Ciascuno si narra a se stesso e narra di se stesso, faccia a faccia con la propria solitudine essenziale e la solitudine estrema della morte, al contempo meditando sulla sopravvivenza, su come il tempo trasformi un magma di possibilità  in un «qualcosa di vissuto» a senso unico, svuotato. Chi scrive tesse e disfa la tela del tempo orchestrandone echi e richiami: sta al lettore raccogliere un’esperienza integrale del tragico passo dopo passo, dipanando con lentezza il gomitolo delle storie, riunendo assieme frammenti di percezioni minute che riverberano a distanza, ricostruendo una trama più vasta di relazioni fra i personaggi da scampoli di biografie altrui, tutte plausibili perché tutte fittizie. Resta costante nella ormai consistente produzione narrativa di Hall (l’anno scorso sono usciti i racconti di The Beautiful Indifference) la fascinazione per figure femminili sospese in un vuoto indeciso, tra l’aspirazione impossibile a una solidità  sovrumana, a specchio dei paesaggi aspri della sua regione natia (in Suze come nella protagonista di Carhullan Army) e una fragilità  che le risucchia e le porta a disperdersi nell’autodistruzione senza neanche i conforti del compiacimento. 
Ma Sarah Hall si ferma un passo prima della pietas.

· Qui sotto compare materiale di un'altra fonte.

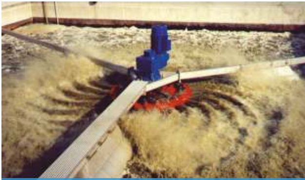
SBR-WWTP Village Krzyz, Poland
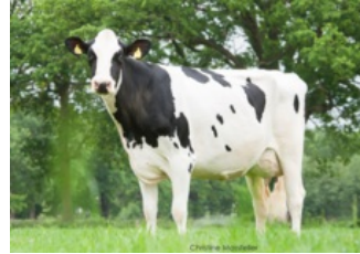
Sanderij Massia Sneeuwvitje RDC VG-89
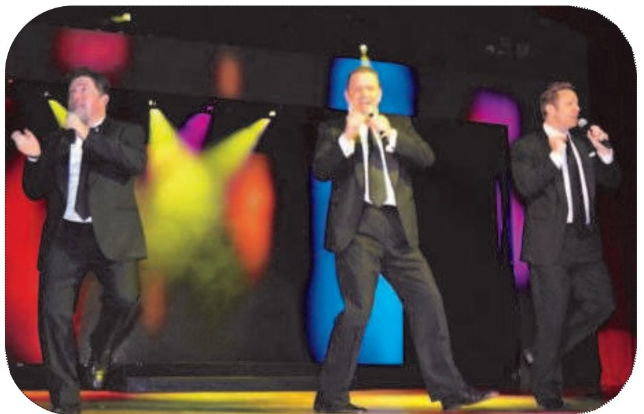
Tenori will return to perform in Kyogle in August.

They bring their sense of fun and sophistication to classics from the worlds of opera, musical theatre, jazz and everything in between.
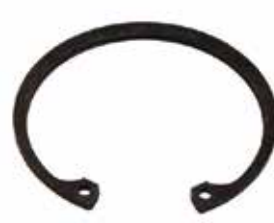
SNAP RING FOR ROLL PIN F3-9A | OEM: N/A
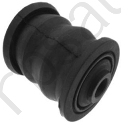
KA10-34-470A Control Arm Suspension Bushing for Mazda
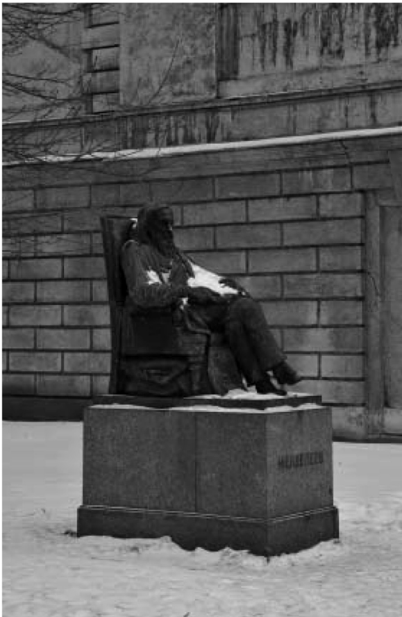
Statue of Dmitri Mendeleev, St. Petersburg, Russia

The story of Mendeleev's dream is a story of an attempt to dream the nature of matter. It is, of course, not Mendeleev's dream, or not his exclusively, but ours – the dream that knowledge can come in a dream, understanding delivered in abrupt, absolute and irreversible revelation. Our dream of Mendeleev's dream is a dream that insists on actuality, punctuality, the here and now, on the possibility of a pure moment of breakthrough that can be isolated from all preceding and succeeding moments, on the idea of time, as Beckett put it, as a laminar process of 'decantation from the vessel containing the fluid of future time, sluggish, pale and monochrome, to the vessel containing the fluid of past time, agitated and multicoloured by the phenomena of its hours'. Beckett 1965, 15 It insists, in the midst of this process, on the
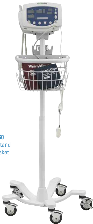
4700-60 Mobile Stand with Basket
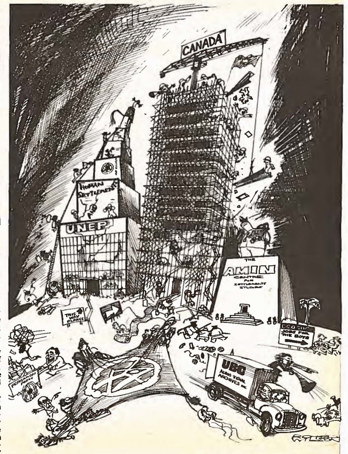
Empire building — a popular conference sport

In another generation the problems will have reached such magnitude that they will require nothing short of genius and heroism in order to save man's Habitat for another hundred years.
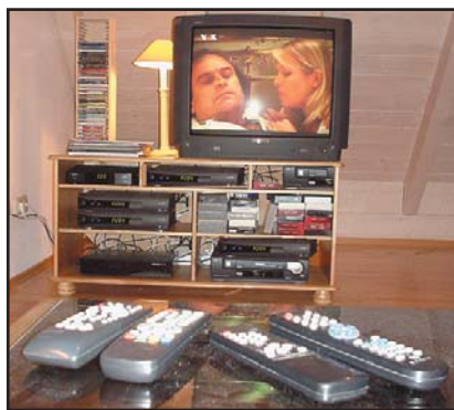
Figure 1. Remote controls and bird's-nest cabling demonstrate the lack of integration in simple home componentized A/V systems.

and noisy, making them unwelcome in the living room. Also, the benefit of a PC's flexibility and extensibility comes at the price of complexity, making their management and maintenance almost as difficult as
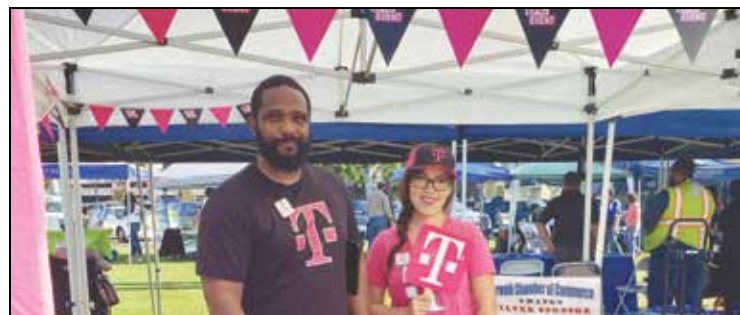
Silver Sponsor T-Mobile at their Expo Booth.
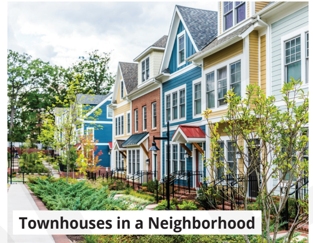
Townhouses in a Neighborhood

Today, many people who have homes stay in one place. They don't move it. Yet some people still move their homes. Some people in Mongolia have homes called yurts. They move them so their animals can find grass and food to eat.
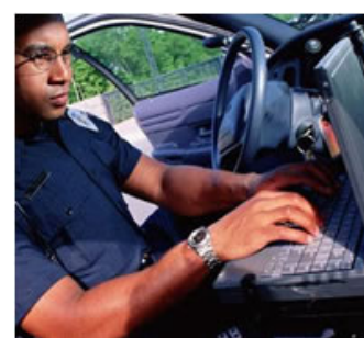
The Madison Police Department adopts new computer software technology and equipment.
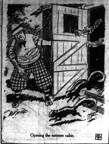
Opening the summer cabin.
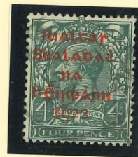
T10 (fu) Setting 1 e24
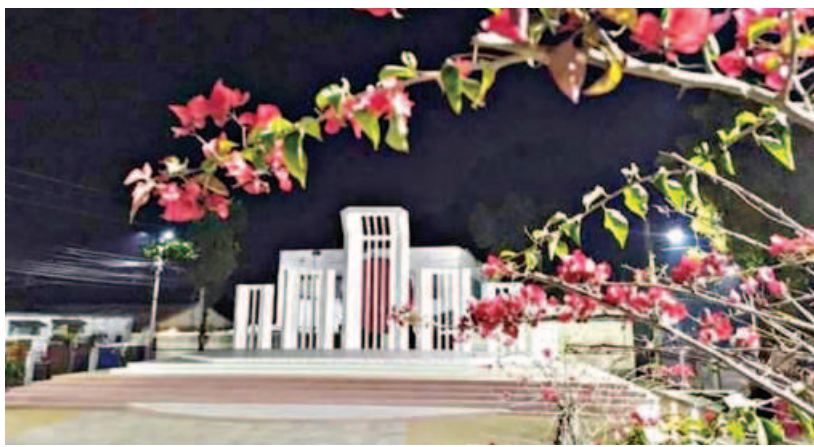
The present Central Shaheed Minar that stands in Jashore town's Bakultala area was inaugurated in 2018.

A massive procession, joined by people from all walks of life, including government employees, marched in
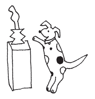
Look with your eyes, not your hands.

The Des Moines Art Center is a great place for families to grow a love of art. By following these museum manners, you'll be sure to have an enjoyable visit and help protect the art.
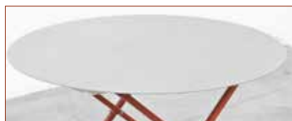
STARTING SLAB MOTOKOMPASS CUTTING GUIDE ANGLE GRINDER FINAL SLAB
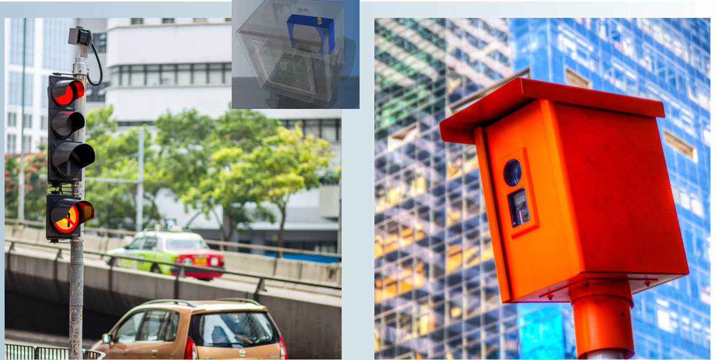
Wireless CAN communication
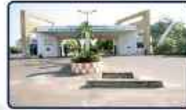
Shri Sathya Sai Medical College & Hospital
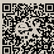
Link to property
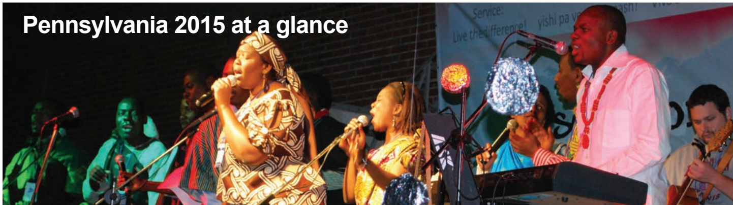
Africa night, Asunción, Paraguay 2009.
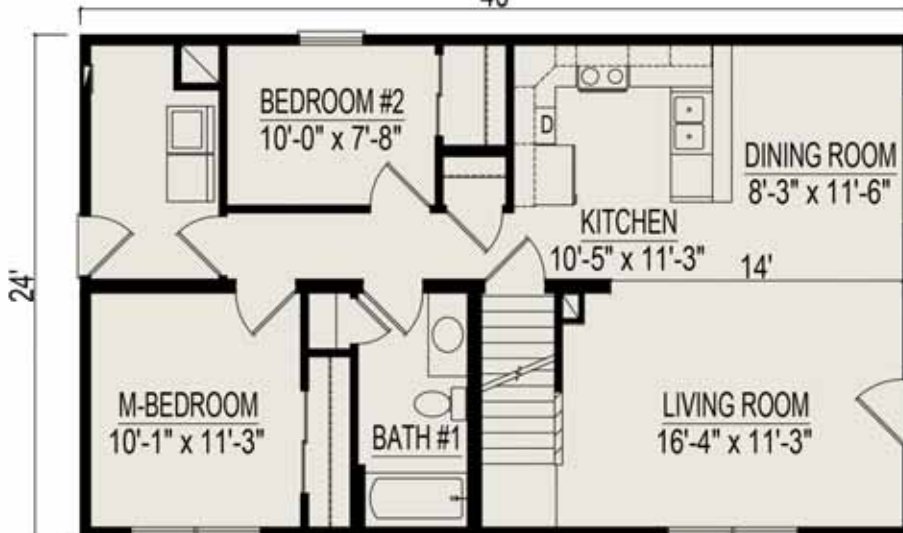
1st Floor Basement Plan
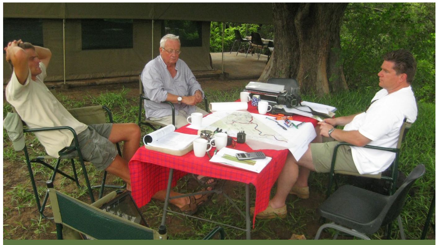
Workshopping a sustainable business plan for Gonarezhou National Park - 2009
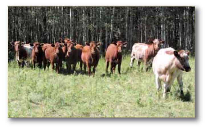
STARBRIGHT SHORTHORNS - Bonnyville, AB

Rispetto alla retorica consueta della fine come «resa dei conti» produttiva di una soluzione purchessia, qui non c’è nessuna tentazione consolatoria: per alcuni di questi protagonisti l’identità  (demone che sferza un’intera epoca) non è una conquista o un ideale ma una ferita aperta, una forma sfocata inattingibile, un compromesso di ripiego raggiunto da osservatori esterni; e solo Giorgio, l’anziano pittore che ha attraversato fascismo e guerra mai staccandosi dalla disciplina scontrosa del dipingere, che non risolve nulla ma gli è sempre bastata, giunto all’ultimo punto potrà  congedarsi dalla vita con una serenità  lucreziana, se di fronte a una donna che piange per lui penserà : «Crede che io sia un uomo solo? Sta forse sottovalutando la vita che ho vissuto e il piacere che ne ho tratto?». 
All’opposto, il bizzarro Peter Caldicutt, bloccato sulle montagne con una gamba rotta in una notte pietosa e disperata, tra i lampi e i soprassalti del passato e l’emergere di colpe nascoste, sarà  condotto a una decisione ultima, all’accettazione combattuta di sé: «Deve smuovere qualcosa, se vuole salvarsi. Ma che scelta ha, se non quella di dire “Io sono questo, e sono qui”»? E se «la vita è assurda» e «le nostre menti brancolano nel buio» comunque, le conclusioni sono giocoforza amare: anche Suze si forza a vivere nonostante tutto, in un finale giocato tutto al livello crudele, cioè autentico, della materia. 
Sta in un atto di volontà  che ha qualcosa della scommessa, ma tutta umana, tutta mortale, il tentativo di affrancarsi dalla sensazione che non siamo noi gli autori delle nostre scelte, ma siano in fin dei conti la vita o il caso a incaricarsi di sceglierci o scartarci come anonimi soggetti di nature morte. Non solo per questo nell’ «uomo morto» di Hall sarà  possibile per ciascuno riconoscere un autoritratto in uno specchio spietato.